What is the best way to check whether a map $\Phi$ is positive, i.e., $$\Phi\left(x\right) \geq 0 \iff x \geq 0?$$
Is there a way to describe the modification of the eigenvalues of matrix argument $x$ by the map, in order to check whether they remain non-negative?
Also, a completely positive map in Kraus' decomposition $$\Phi\left(x\right) = \sum_i M_i x M_i^\dagger$$ must be positive, but how can this be demonstrated?

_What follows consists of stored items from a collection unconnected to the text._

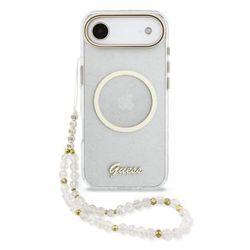 Guess IML Glitter Script MagSafe Hihnakotelo iPhone Airille - kimalteleva takakansi rannehihnalla, PC+TPU-suojaus, MagSafe-yhteensopiva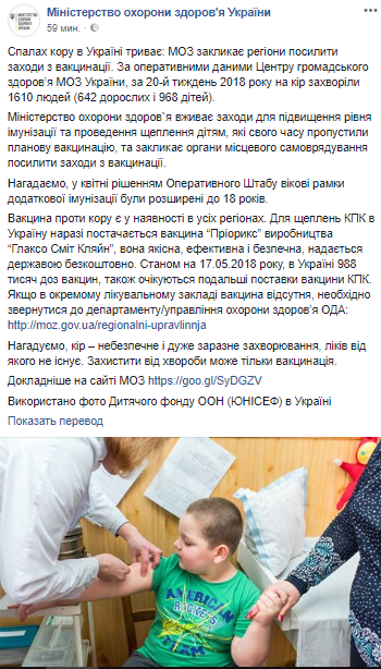 "По оперативным данным Центра общественного здоровья Минздрава Украины, за 20-ю неделю 2018 года корью заболели 1,610 тыс. чел. (642 взрослых, 968 детей)", - говорится в сообщении.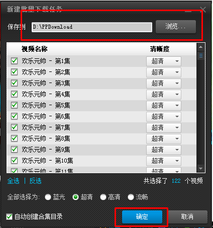 2、 出现新建下载任务窗口,默认将保存到PPDownload文件夹。您可以选择您希望保存的地方。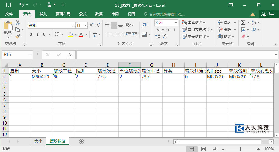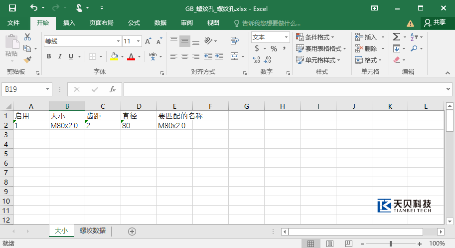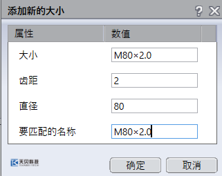 4,选择“+”号,添加尺寸规格参数及螺纹数据。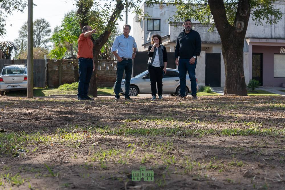 El intendente Juanci Martínez, junto al delegado Héctor Raúl Echeverría, el secretario de Gobierno Sebastián Hernández y la arquitecta Micaela Hernández, visitaron el terreno donde se proyecta la construcción de un nuevo Parque Infantil en conjunto con la Fundación Banco Provincia.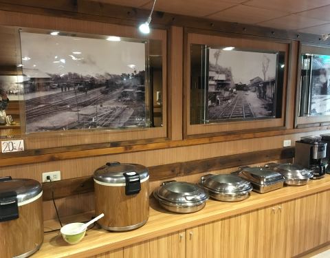 到阿里山玩的时候,中途会经过奋起湖这个小镇。这里的铁路便当挺出名的,于是中午就在这里吃饭。 餐厅人还挺多的,饭菜装在金属饭盒里,还挺复古的。内容丰富,分量足,大鸡腿还挺诱人的,性价比比较高的一餐。 如果路过,可以把午饭或者晚饭安排在这里。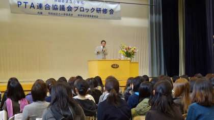 26日(月)10時から、船橋小学校で4ブロックのPTA研修会が開催されました。本校からもたくさんの保護者の皆様が参加しました。会場全体では400名の参加がありました。それぞれの学校で行っているPTA研修の成果をもちより展示し、活動の交流をはかりました。本校は「輪〜時代によって変わる子育てについて」をテーマに、アンケートの結果や、先日行われたグループディスカッションから、今も昔もコミュニケーションが大切であるという成果を発表しました。講演会では、親野智可等さんの、わかりやすい子育てについてのお話を聞き、有意義な会となりました。本校の研修会を企画運営し、今回の報告をまとめてくださったPTA研修委員会の皆さんに感謝いたします。

The question of how to check whether a map $\Phi$ is positive is an area of active research. One sufficient set of criteria is given in the paper Doherty, Parillo, Spedalieri A Complete Family of Separability Criteria (in particular, the paper discusses the equivalent problem of detecting an element of the dual cone).
If $\Phi:\mathcal M_m \to \mathcal M_n$ where $m=2$ and $n = 3$ or $n = 3$ and $m=2$, then it is known that $\Phi$ is positive if and only if it is decomposable. That is, we must be able to write $\Phi = \Phi_1 + \Phi_2$ where $x \mapsto \Phi_1(x)$ and $x \mapsto \Phi_2(x^T)$ are completely positive ($x^T$ denotes the transpose of $x$).
If $\Phi$ has a Kraus representation, then we note that for any $y \in \Bbb C^n$, we have $$ y^\dagger(\Phi(x))y = y^\dagger \left(\sum_{i} M_i x M_i^\dagger \right)y = \sum_{i}(M_i^\dagger y)^\dagger x(M_i^\dagger y) \geq 0 $$ It follows that $\Phi$ is a positive map.